# WHAT THE TASK ASKS
Return the stretch from the line with "Решетка для выпуска" through the line with "Завдяки використанню нового" in the data below, character for character, skipping all pictures.

# DATA EXTRACT
=== Begin Enclosure ===
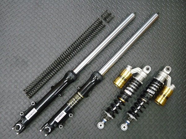 KYB製インナーパイプ径Φ38正立フロントフォークと、OHLINS製ツインリヤショックです。
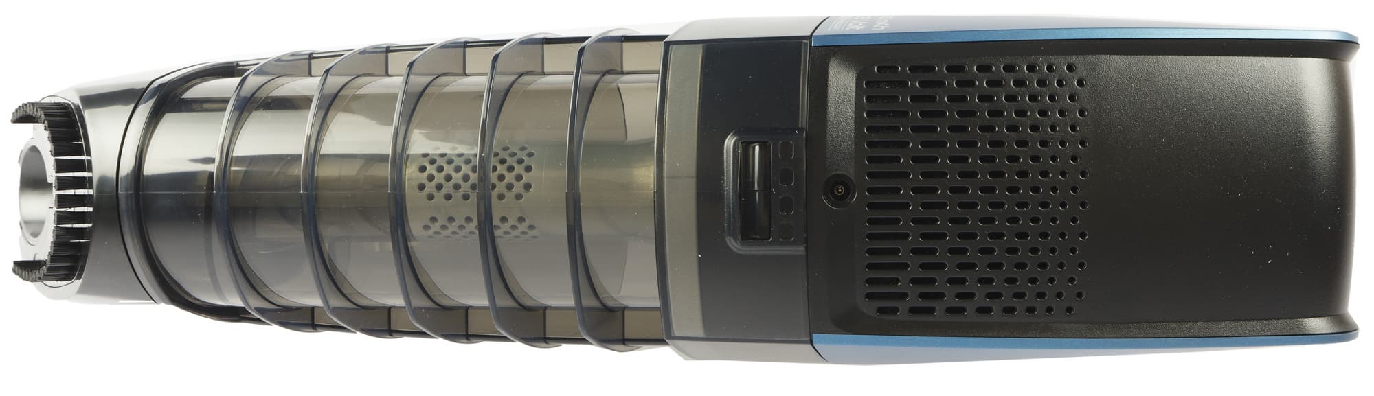 Решетка для выпуска воздуха размещена на нижней части моторного блока. Каких-либо дополнительных фильтрующих элементов на выходе эта модель лишена. Рядом с решеткой — круглое гнездо для подключения зарядного устройства.
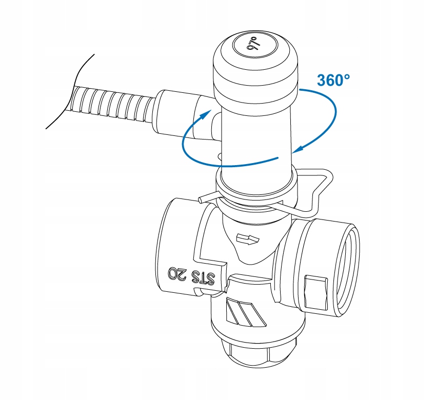 Завдяки використанню нового технічного рішення термостатична частина клапана може вільно обертатися навколо власної осі.
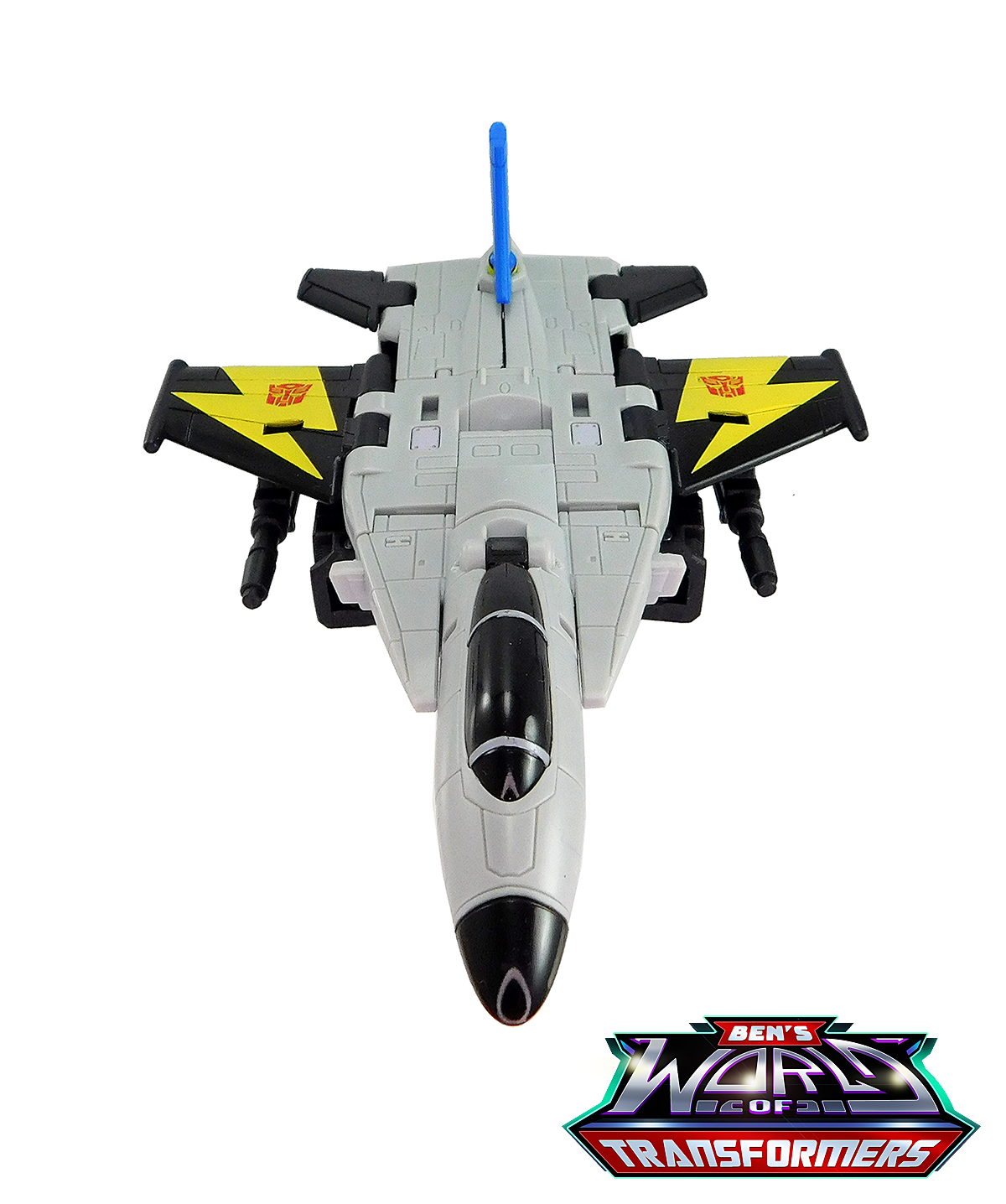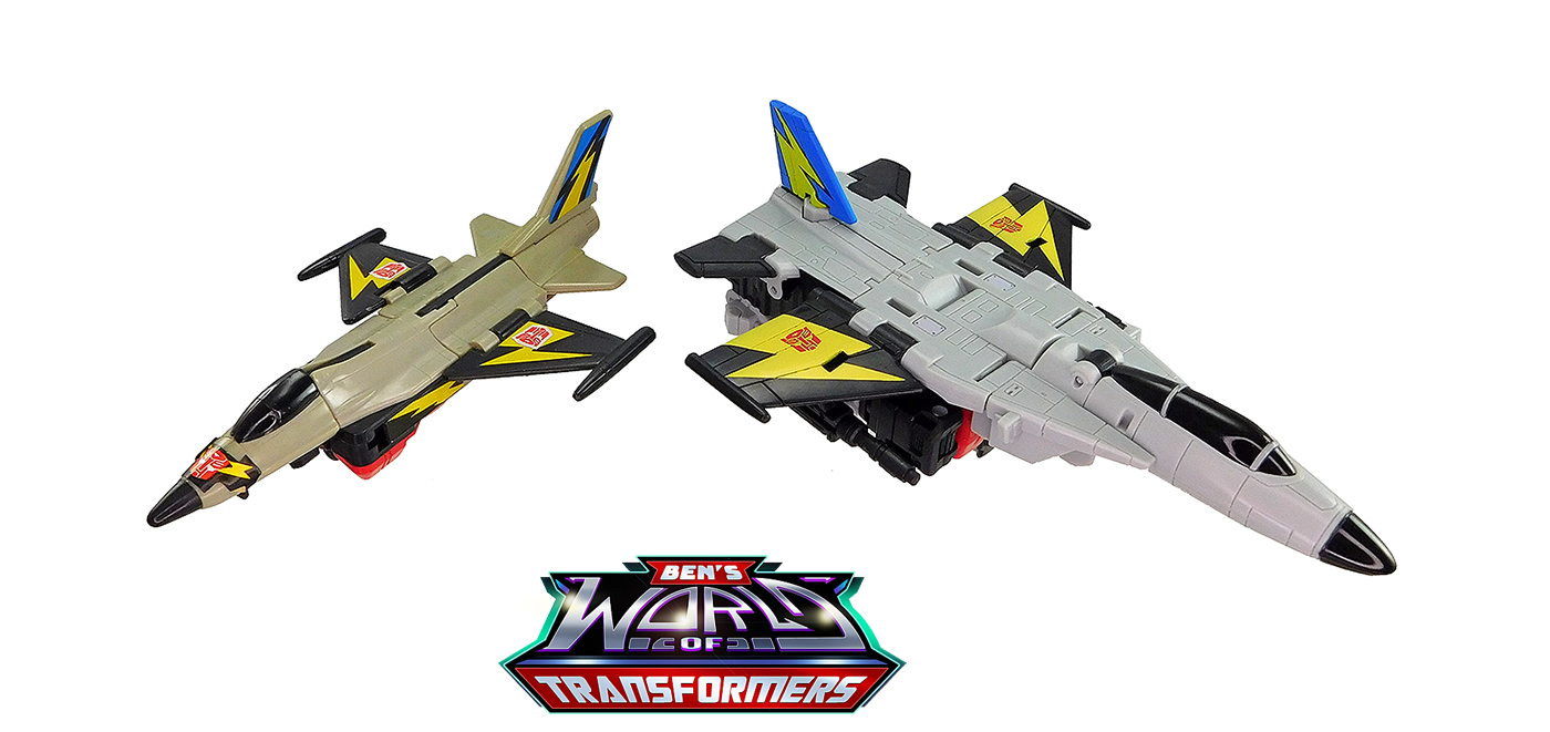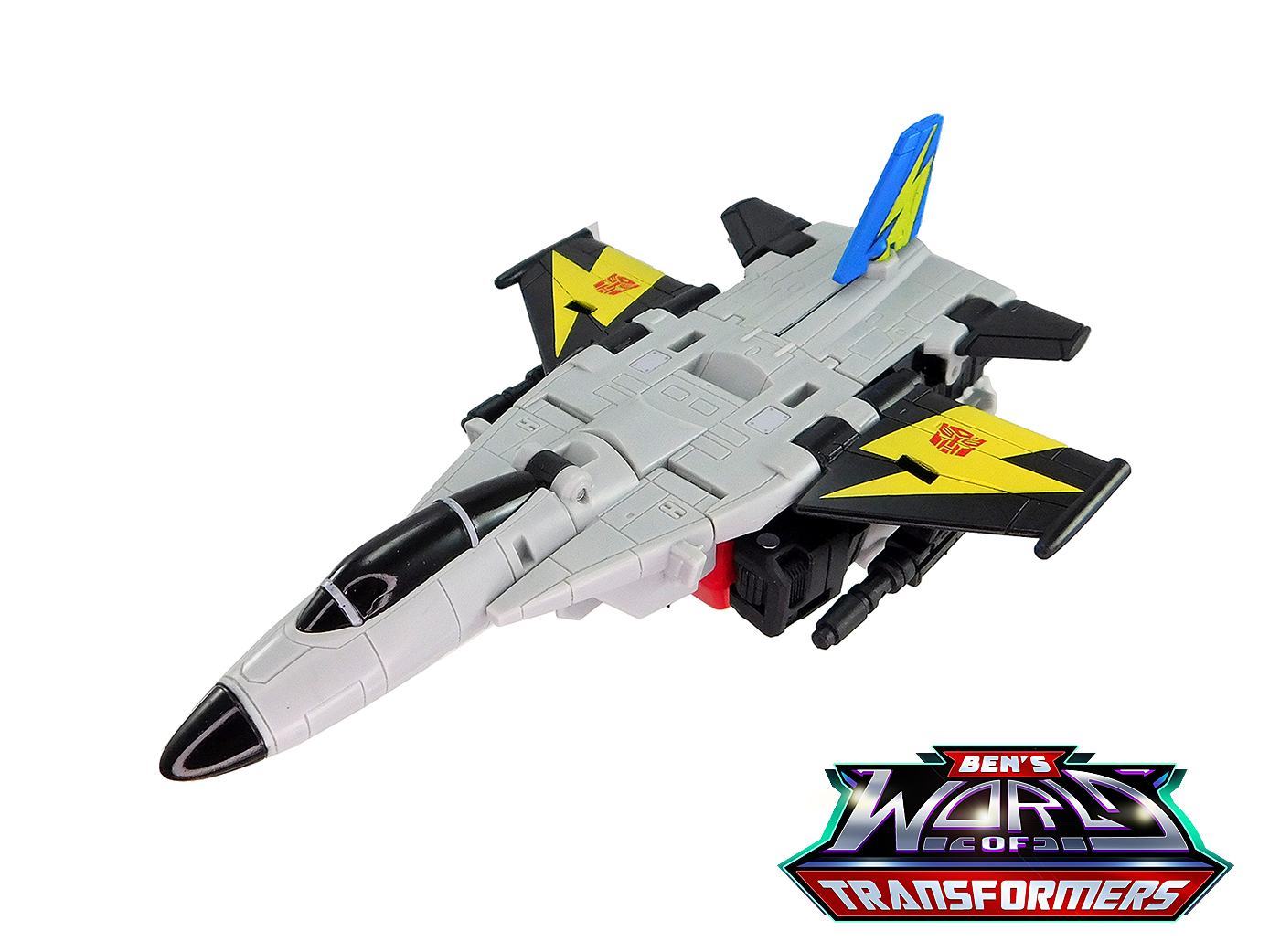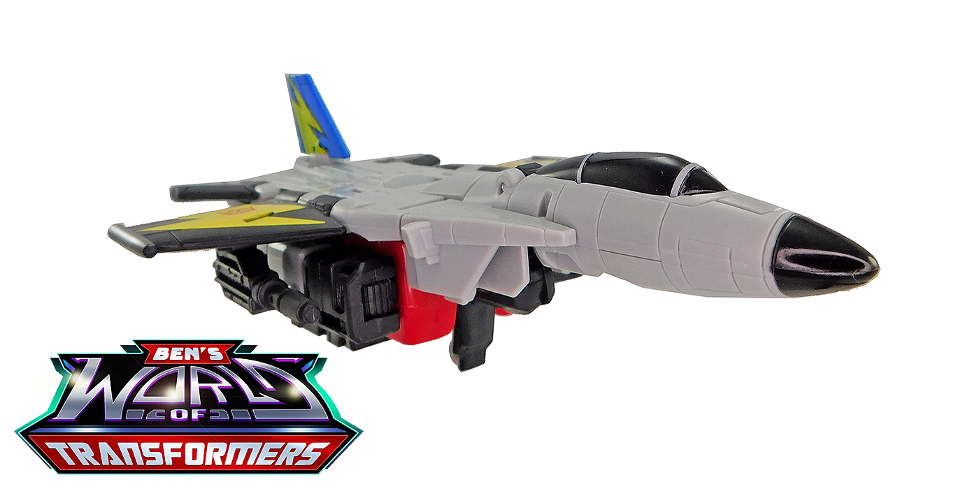 This mode mostly shows off the grey and black plastic. Black paint is used on the cockpit cover. The wings feature yellow lightning bolts with Autobot symbols on top, a detail inspired by the G1 toy and cartoon model. The vertical fin in back adds a splash of blue and yellow color, a callback to the G1 toy and cartoon model.
=== End Enclosure ===
# EXERCISE ANSWER
 Решетка для выпуска воздуха размещена на нижней части моторного блока. Каких-либо дополнительных фильтрующих элементов на выходе эта модель лишена. Рядом с решеткой — круглое гнездо для подключения зарядного устройства.
 Завдяки використанню нового технічного рішення термостатична частина клапана може вільно обертатися навколо власної осі.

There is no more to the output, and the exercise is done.